Reviewed by Steven H Silver
Escapement, by Jay Lake, opens two years after the events of the previous book in the series, Mainspring, took place. However, Escapement is not a direct sequel to that book. Hethor's are certainly known, and some of the individuals he dealt with, such as librarian Childress, make a return, but Lake is more interested in following new characters as they adventure and explore across the strange clockwork world he has created.
While Mainspring focused on young Hethor Jacques, Escapement allows Lake to play with three different points of view, and look at separate parts of his world. Paolina Barthes is a young girl who lives along the Wall, the massive barrier that runs along the Earth's equator, on top of which the clockwork that keeps the universe in motion exists. Already feeling like an outsider in her small village, her life is thrown into further turmoil when a young boy, a refugee from the Basset in Mainspring appears and gives her a broken stemwinder watch. Inspired by the gift, and desiring to find the wizards of England who could make such a majestic thing, Paolina leaves her village behind.
Threadgill Angus al-Wazir, former chief petty officer aboard the Basset has managed to make it back to England, where Prime Minister David Lloyd George immediately taps him to return on an exploration to the Wall in the company of the dictatorial scientist Lothar Ottweill. Their mission, which al-Wazir doesn't entirely support as an individual, but as an officer vows to see successful, is to bore a hole through the equatorial Wall to ensure that the English can achieve a foothold in the Southern hemisphere in order to be able to stand up to the Chinese superpower.
Finally, Emily Childress, the librarian of Day Missions Library at the Berkeley School of Divinity at Yale University is torn away from her post. Childress set the events of Mainspring in motion when she helped put Hethor Jacques in touch with the secret society of the White Birds. Now that organization, the avebianco, has decided it has need of Childress in a different place. En route to what will eventually be her trial for the unforeseen consequences of her earlier actions, Childress's ship is attacked by the Chinese and she is mistaken for a much more important member of the avebianco, the Mask Poinsard.

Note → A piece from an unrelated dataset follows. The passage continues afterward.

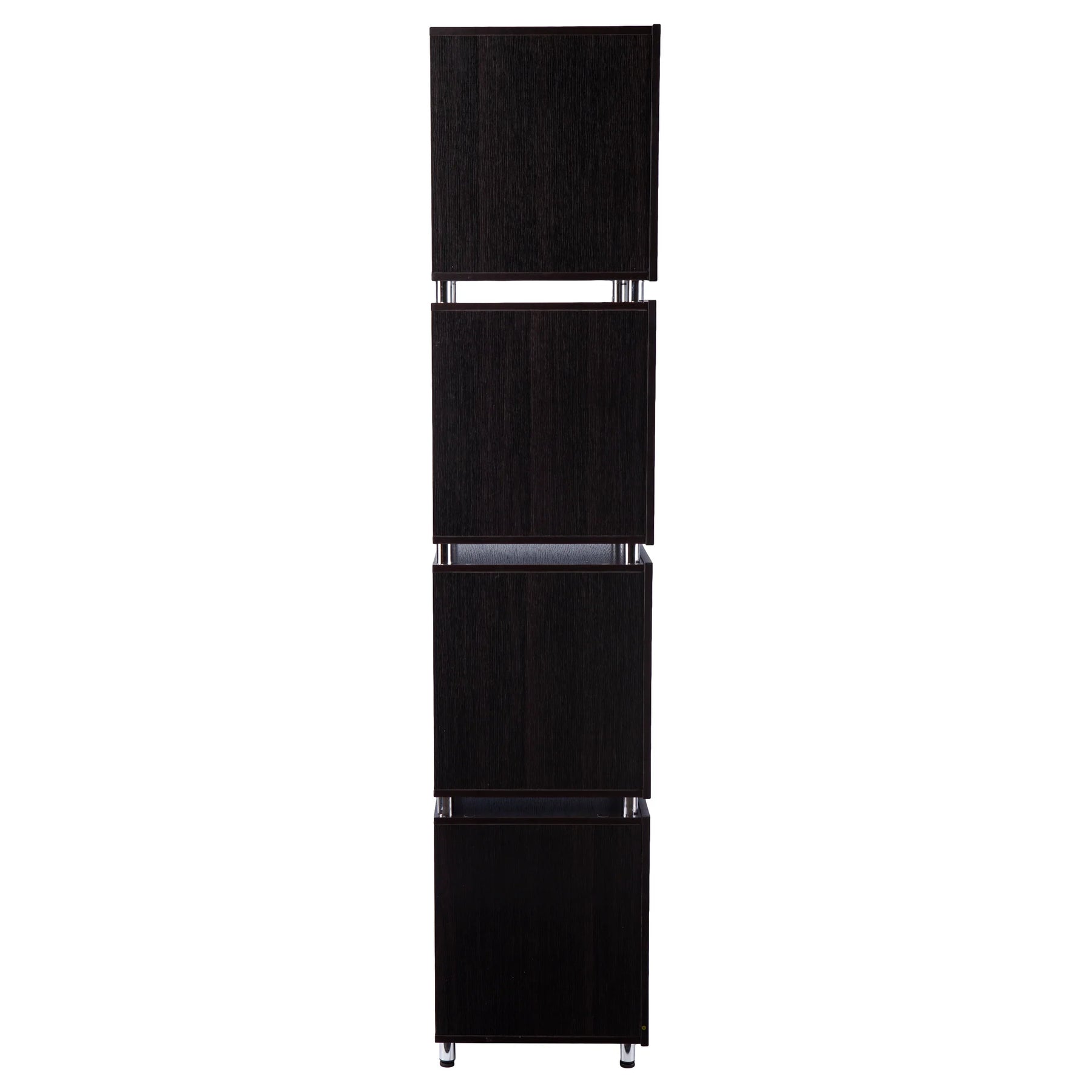 Take advantage of vertical storage with this 4-tier bookcase. Cube-inspired shelves offer plenty of space for your book collection or assorted knickknacks, while the barely-there metal frame creates a sleek, floating look. Tuck this tall etagere into your home office to organize files and documents, or station in your living area to display photos and potted plants. Your space stays organized and clutter-free when you bring home this small space storage shelf.

The freedom of three main characters allows Lake to show of a much broader swath of his world. Each of the three has a different outlook on life and it is easy to see that each would have reacted to events in a different manner. Barthes would not have handled her kidnapping by the Chinese in the same way as Childress does, and Childress, would have had a very different reaction to Boaz, the man of brass, than Barthes does. These characters form one of the strongest points in Lake's novel, making the book much more than a travelogue of a strange and impossible Earth.
Although Lake's world works like clockwork, the pacing isn't quite as consistent. Periods of exposition and travel compete with action throughout when they should, perhaps, mesh more thoroughly over the course of the book. Lake is constantly introducing wonders into his book, but the pacing, as the book draws inexorably to its...not quite...conclusion means that Lake and his characters don't always have the time to fully explore those wonders, although leaving them to the reader's imagination quite possibly makes them more fantastic than any description Lake could have achieved.
In the end, Escapement sets up the third novel in a trilogy. In many ways, it shares its position with George Lucas's The Empire Strikes Back. The first work in each trilogy (Star Wars and Mainspring) could easily have stood on their own. The central piece was clearly written with the knowledge that it would be followed by a third work, and therefore allowed the demiurge, the watchmaker, if you like, to tackle a more complex story. With Escapement, it waits for the publication of the third volume to see how successfully Lake tackles his story.